(Records drawn from a dataset)
Segment Open
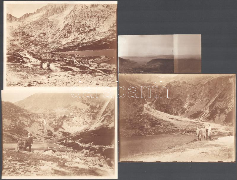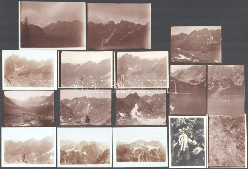 1927-1931 Magas-Tátra, látványos felvételek a hegyekről, völgyekről, tavakról: Gerlachfalvi-csúcs, Poprádi-tó, Menguszfalvi-völgy, Hunfalvy-hágó, Lomnici-csúcs, Felkai-tó, stb.; összesen 20 db fotó, többségük a hátoldalon részletesen feliratozva, 8x5,5 cm és 17x13 cm között / 1927-1931 High Tatras, Vysoké Tatry, scenic photos of the mountains, valleys, lakes: Gerlachovský štít, Popradské pleso, Mengusovská dolina, Lomnický štít, Velické pleso, etc.; 20 pcs in total, between 8x5.5 cm and 17x13 cm
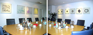 Und so könnte Ihr Besprechungsraum aussehen. Größere Wandflächen erlauben bildnerische Themenkomplexe.
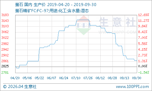 行业:9月份上游萤石行业装置开工一般,氢氟酸价格走势持续下滑,萤石场内产品现货供应充足,走货行情较差,场内库存有所增加,萤石市场价格走低。
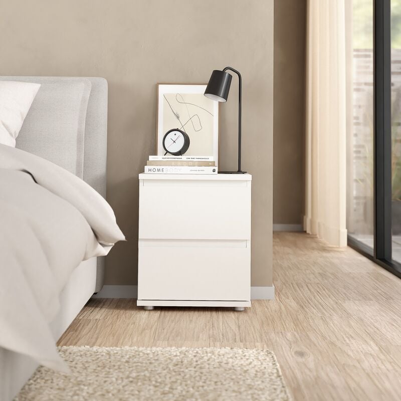 Selkeälinjainen Nova yöpöytäNova yöpöytä on helppo valinta, kun haluat makuuhuoneeseen ajattoman ja siistin kokonaisuuden. Selkeä muotoilu sopii monenlaisiin tyyleihin ja tuo sängyn viereen käytännöllistä, selkeää säilytystilaa. Kahteen laatikkoon saat talteen kirjat, laturit, kuulokkeet ja muut iltatarvikkeet. Kun tavarat sujahtavat laatikoihin, tasolle jää rauhallinen tila valaisimelle, kellolle ja vesilasille. Pehmeästi liukuvat kuulalaakerikiskot tekevät laatikoiden avaamisesta ja sulkemisesta sujuvaa.
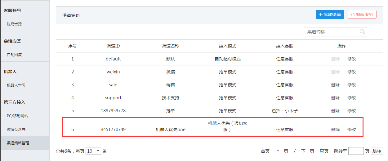 在渠道策略管理中添加“机器人优先(通知客服)”渠道,点击右上角【刷新服务】按钮。如图所示:
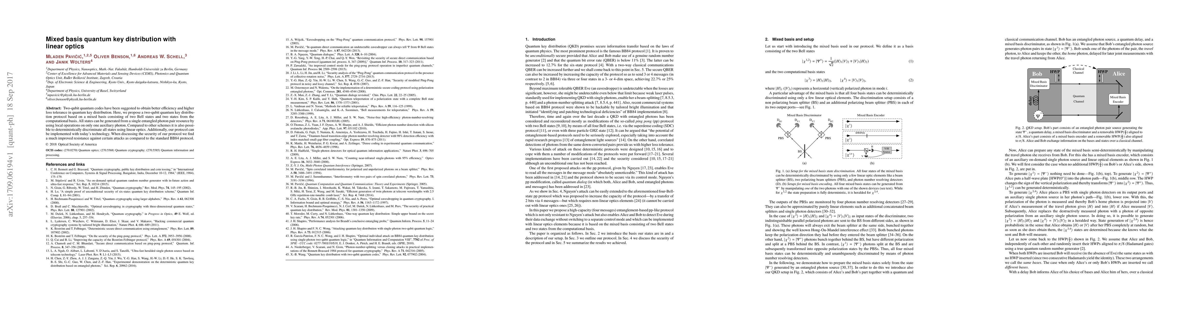 This paper proposes a mixed basis quantum key distribution protocol using two-qubit quantum codes that enhances efficiency and loss tolerance. The protocol utilizes linear optics for state discrimination and can be implemented with current technology, offering improved security against certain attacks compared to the BB84 protocol.
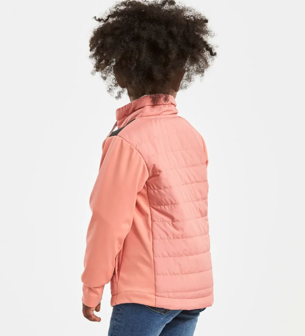 Lækker Didriksons softshelljakke i koralrosa med sorte skulderstykker. Softshelljakken er en hybrid mellem softshell og termo. Jakkens krop er vatteret og med vandrette syninger som en termojakke, mens ærmerne er klassisk softshell.
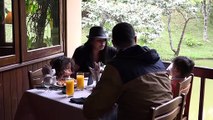 Un petit Hapalemur bien haut perché qui marque son territoire avec ses bras. C'était lors d'une visite du Parc National de Ranomafana à Madagascar en mai 2009.
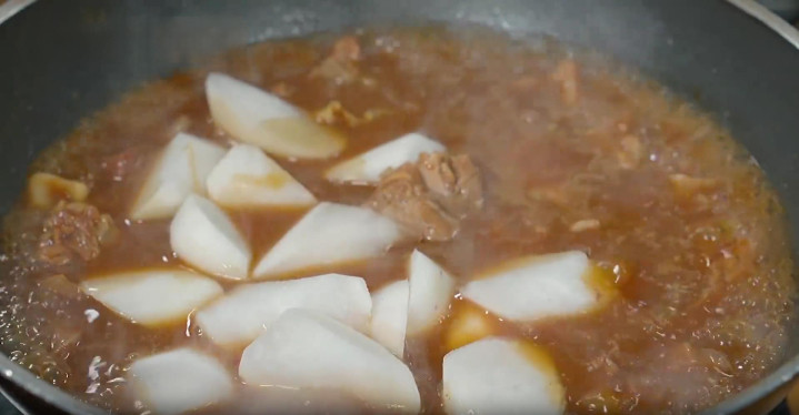 9、时间到了之后,羊肉也炖至8成熟了,将里面的葱姜、辣椒等配料挑出来,然后倒入萝卜块,继续盖上盖子,开中小火炖15分钟。
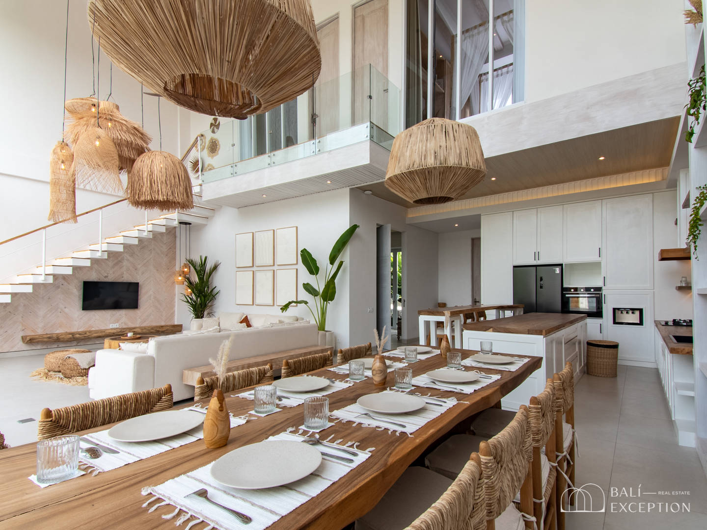 - Living Area: The expansive open living space, with its high ceiling, is thoughtfully divided into three distinct areas: a dining space, a kitchen area, and a cozy living room. Flooded with natural light from large windows, this villa harmoniously blends contemporary living with the stunning beauty of its surroundings.
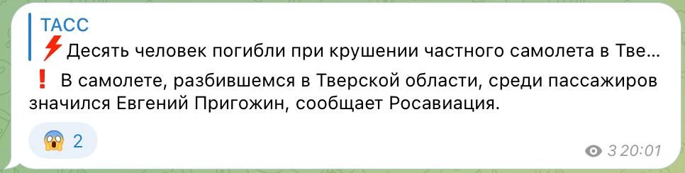 У Тверській області Росії впав літак, який належить Пригожину, - росЗМІ
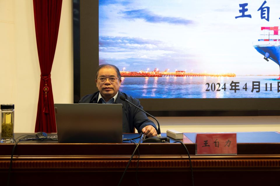 跟同学们交流现代中国海洋的崛起与腾飞时,王教授从海洋军事发展、海洋科技发展和海洋经济发展三个维度向同学们进行了系统而翔实的阐述。他向在座同学展示了我国海洋事业发展的诸多标志性成果,引领同学们更加直观地了解了现代中国海洋军事、科技和海洋经济的蓬勃发展现状。王教授特别强调:“正是由于有中国共产党的坚强领导,中国才实现从‘有海无防’的落后历史到完成建设强大海防的重大转变,强大的海洋军事正为我国的‘蓝水梦’‘中国梦’保驾护航。”
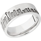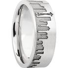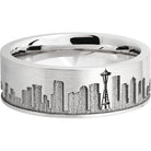 Cobalt chrome 8mm flat band with laser-carved Seattle skyline. This beautiful product isn't always in stock. Our online inventory shows everything that we produce and some products need to be made from scratch along with vendor items that we don't produce. We will call or email letting you know if the piece is available or needs to be built along with if the product needs to be sized. Current estimated build times are between 6-8 weeks.
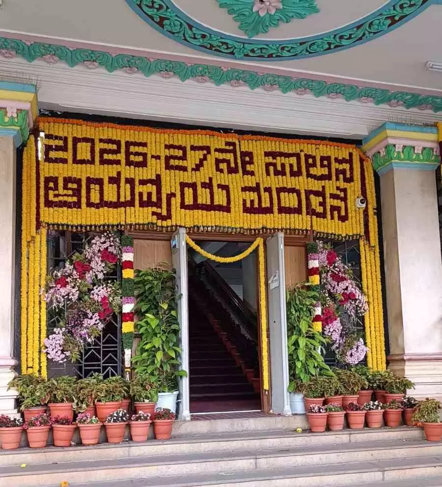 ಸಿಎಂ ಸಿದ್ದರಾಮಯ್ಯ ಮಂಡಿಸುತ್ತಿರುವ ದಾಖಲೆಯ 17ನೇ ಬಜೆಟ್ಗೆ ವಿಧಾನಸೌಧ ಸಿಂಗಾರಗೊಂಡಿದ್ದು, ಮುಖ್ಯದ್ವಾರದಲ್ಲಿ "2026-27ನೇ ಸಾಲಿನ ಆಯವ್ಯಯ ಮಂಡನೆ" ಎಂದು ಹೂವಿನಲ್ಲಿ ಅಲಂಕಾರಗೊಳಿಸಲಾಗಿದೆ.
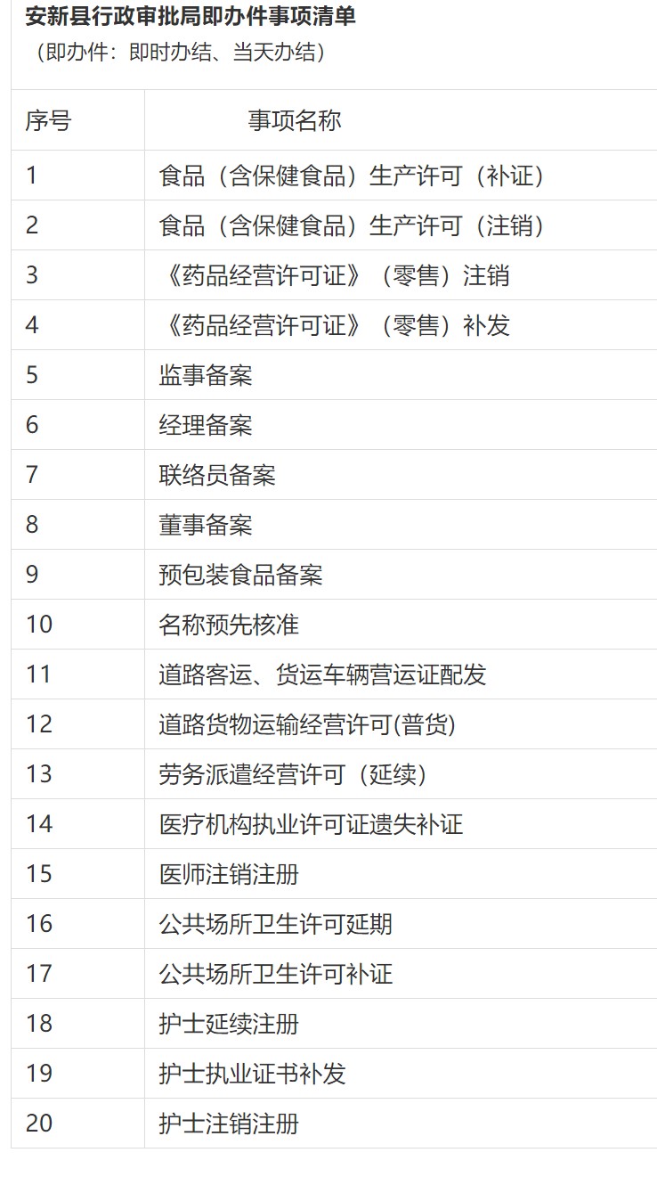 8、安新縣行政審批局推出第一批即來即辦件(即時辦結、當天辦結)事項,主要包括食品(含保健食品)生產許可(補證)、《藥品經營許可證》(零售)注銷、醫師注銷注冊等。
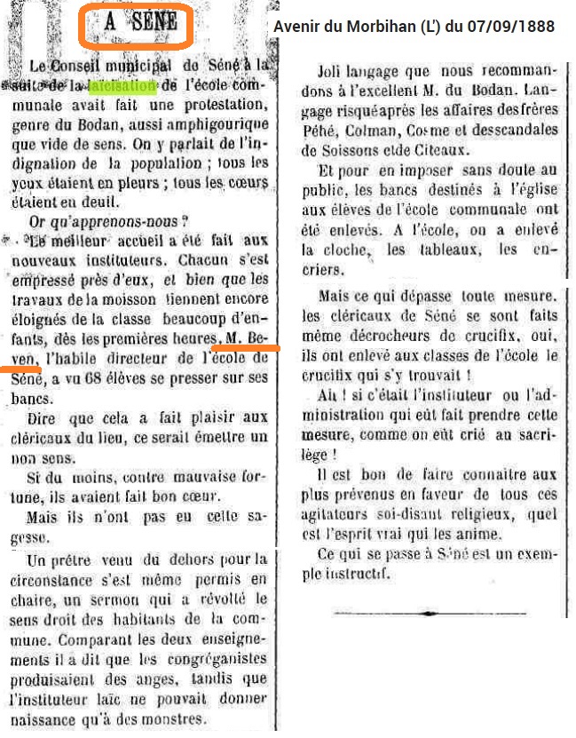 Cette coupure de presse de 1889 rend compte des délibération du Conseil Général du Morbihan. Un poste de facteur rural est créé pour Séné comme Arradon.
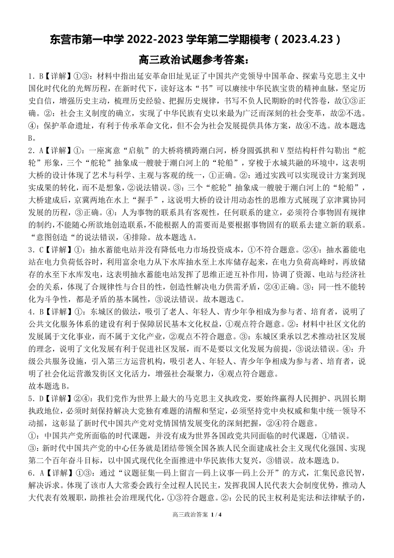 高三政治答案--山东省东营市第一中学2022-2023学年第二学期模考
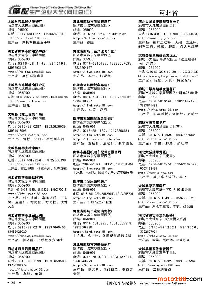 《摩托車與配件生產企業大全》打造行業信息的航母
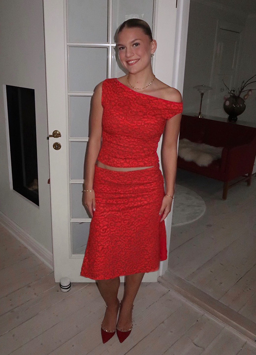 Et feminint og iøjnefaldende sæt, der balancerer elegance med et moderne udtryk. Toppen har et smukt off-shoulder snit, som fremhæver skuldrene og giver et let, sofistikeret look. Den sidder tæt og følger kroppens form, mens nederdelen falder glat og skaber en harmonisk silhuet fra talje til knæ. Det fine blondemateriale tilfører sættet en eksklusiv struktur og et levende touch.
Segment Closed
Work required: Take the entries above and copy exactly the lines starting at the one with "9、时间到了之后,羊肉也炖至" and ending at the one with "跟同学们交流现代中国海洋的崛"; nothing outside that span, and no pictures.

Result:
 9、时间到了之后,羊肉也炖至8成熟了,将里面的葱姜、辣椒等配料挑出来,然后倒入萝卜块,继续盖上盖子,开中小火炖15分钟。
 - Living Area: The expansive open living space, with its high ceiling, is thoughtfully divided into three distinct areas: a dining space, a kitchen area, and a cozy living room. Flooded with natural light from large windows, this villa harmoniously blends contemporary living with the stunning beauty of its surroundings.
 У Тверській області Росії впав літак, який належить Пригожину, - росЗМІ
 跟同学们交流现代中国海洋的崛起与腾飞时,王教授从海洋军事发展、海洋科技发展和海洋经济发展三个维度向同学们进行了系统而翔实的阐述。他向在座同学展示了我国海洋事业发展的诸多标志性成果,引领同学们更加直观地了解了现代中国海洋军事、科技和海洋经济的蓬勃发展现状。王教授特别强调:“正是由于有中国共产党的坚强领导,中国才实现从‘有海无防’的落后历史到完成建设强大海防的重大转变,强大的海洋军事正为我国的‘蓝水梦’‘中国梦’保驾护航。”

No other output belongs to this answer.